After his largely stylistic victory in the presidential debate on foreign policy, John Kerry inadvertently reminded Americans of an imminent domestic threat to our system of government.
According to the Chicago Tribune, a pumped up Kerry told a post-debate rally in Miami: “I’ll tell you, if you just needed three words of motivation, you want ’em? The…Supreme…Court.”
Truer words were never spoken. The issue of the Supreme Court ought to drive everyone who believes this nation ought to be governed by the Constitution as it was written and ratified to go to the polls November 2–to defeat John Kerry.
If Kerry is elected, constitutionalists will almost certainly lose the court for another generation. Liberal activists are likely to secure super-majority control of what is now the most powerful branch of the federal government. An opportunity that advocates of limited government have worked three decades to bring about–a chance to finally curb the abuses of a power-hungry high court–will be squandered.
“All reliable sources indicate that there will be between one and three retirements [among the justices] over the next four years, so everything we’ve seen happen for this first term for [President] Bush has been the warm-up round for the Supreme Court,” Republican Sen. John Cornyn of Texas, a member of the Judiciary Committee, told the Washington Times this week.

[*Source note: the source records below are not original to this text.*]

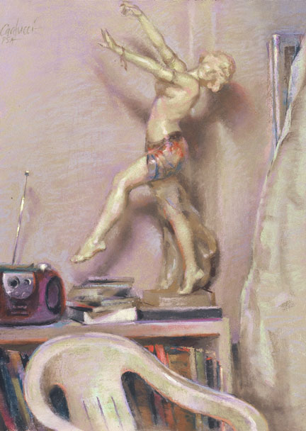 Shadow DancerJudy comments "This won a Best of Show. The marble statuette has long been in the ASA studio storage area; somebody had moved it out of the way to clean the area. The shadows and silvery grays and warm buffs, the plastic chair contrasting with the dated statue and old boom box captured me. She looked as if she'd just danced out from behind the curtain to the music of the boom box." Pastel on 24" x 19" Ampersand pastel board Private Collection |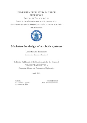 Buonocore, Luca Rosario (2015) Mechatronics design of a robotic systems. [Tesi di dottorato]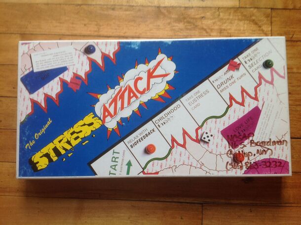 The object of STRESS ATTACK is to be the first to complete four stages of stress (childhood stress, school stress, job stress, and lovelife stress) in order. Usually, players roll and move around a board, taking various kinds of cards, losing turns, and so on. When a player lands on an appropriate space on the board, she can enter the appropriate subgame...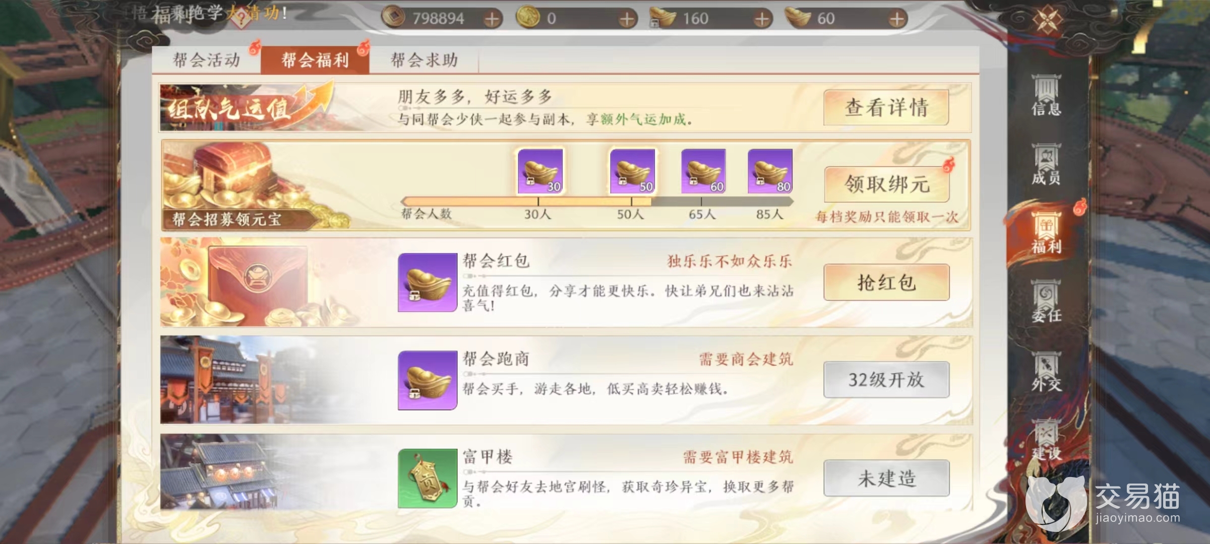 帮会建立起来之后,就需要广泛发动好友一起加入,只有成员活跃度高才能慢慢积累资金升级。帮派等级提升之后能够开启更多活动和奖励,以及建造各种功能性建筑物,为帮派成员提供福利。如果在游戏中出现矛盾,帮会还有一项特权是直接进行帮会宣战,这样就可以非常轻松解决矛盾。

But Cornyn may have underestimated the number of potential retirees. Justice J.P. Stevens, a liberal appointed by President Ford, is 84. Chief Justice William Rehnquist, a conservative first appointed by President Nixon and then elevated to chief justice by President Reagan, just turned 80. Sandra Day O’Connor, a Reagan appointee who often votes with the liberals, is 74. Ruth Bader Ginsburg, a Clinton appointee who anchors the Court’s left, is 71.
At 56, conservative Clarence Thomas is the only justice under 65.
This court–whose members have not changed in a decade–is narrowly divided on issues that cut to the core of American culture. Since January 2000, it has voted 5 to 4 to overturn an act of Congress designed to protect children from pornography on cable TV, to prevent New Jersey from forcing the Boy Scouts to have gay Scoutmasters, to declare a Nebraska ban on partial-birth abortion a violation of the “right” to privacy, to rule that public funds can be used for tuition vouchers at religious schools, to back the University of Michigan law school in using race as a factor in admissions, and to allow the government to restrict freedom of political speech before elections.
Last year, the court voted 6 to 3 that same-sex sodomy is a “right.” This year, it voted 5 to 3 not to decide–for now–whether public school children can say “under God” in the Pledge of Allegiance.
Our moral culture hangs by a single vote in this divided court. But so, too, does our political culture. It is not only what will be decided, but who will do the deciding.
Will Americans make their own laws and decide their own destiny through the ballot box? Or will arrogant, un-elected, liberal judges do it for them?
Kerry is for government by un-elected liberal judges. His record is uncharacteristically consistent here. He has flip-flopped only once on Supreme Court justices.
As a freshman senator representing a state with a large Italian-American population, Kerry joined a unanimous vote to confirm Antonin Scalia, the first Italian-American ever nominated to the Supreme Court. But on May 19 of this year, Kerry told the Associated Press he regrets supporting Scalia. “If you’re looking for me to admit that I made a mistake in my years in the Senate, there you go–there’s one,” he said.
Meanwhile, Kerry voted against confirming Rehnquist as chief justice, and against confirming Robert Bork and Clarence Thomas as associate justices. More recently, he even voted to block up-or-down votes on Texas Supreme Court Justice Priscilla Owen and Miguel Estrada, constitutionalists whom President Bush nominated as federal appeals judges.
“I believe that a woman’s right to choose is a constitutional right,” Kerry said in May. “I will not appoint anyone to the Supreme Court who will undo that right.”
What that litmus test really means is that Kerry wants justices who embrace the two unstated premises of Roe v. Wade: That the Supreme Court can act as a national legislature that can never be vetoed, and that when it does it must advance the liberal agenda.
Elect Kerry and that liberal agenda will keep advancing not only for the next four years, and not only when it can muster a narrow majority on a divided court, but for as long as the justices that Kerry appoints serve out their lifelong terms.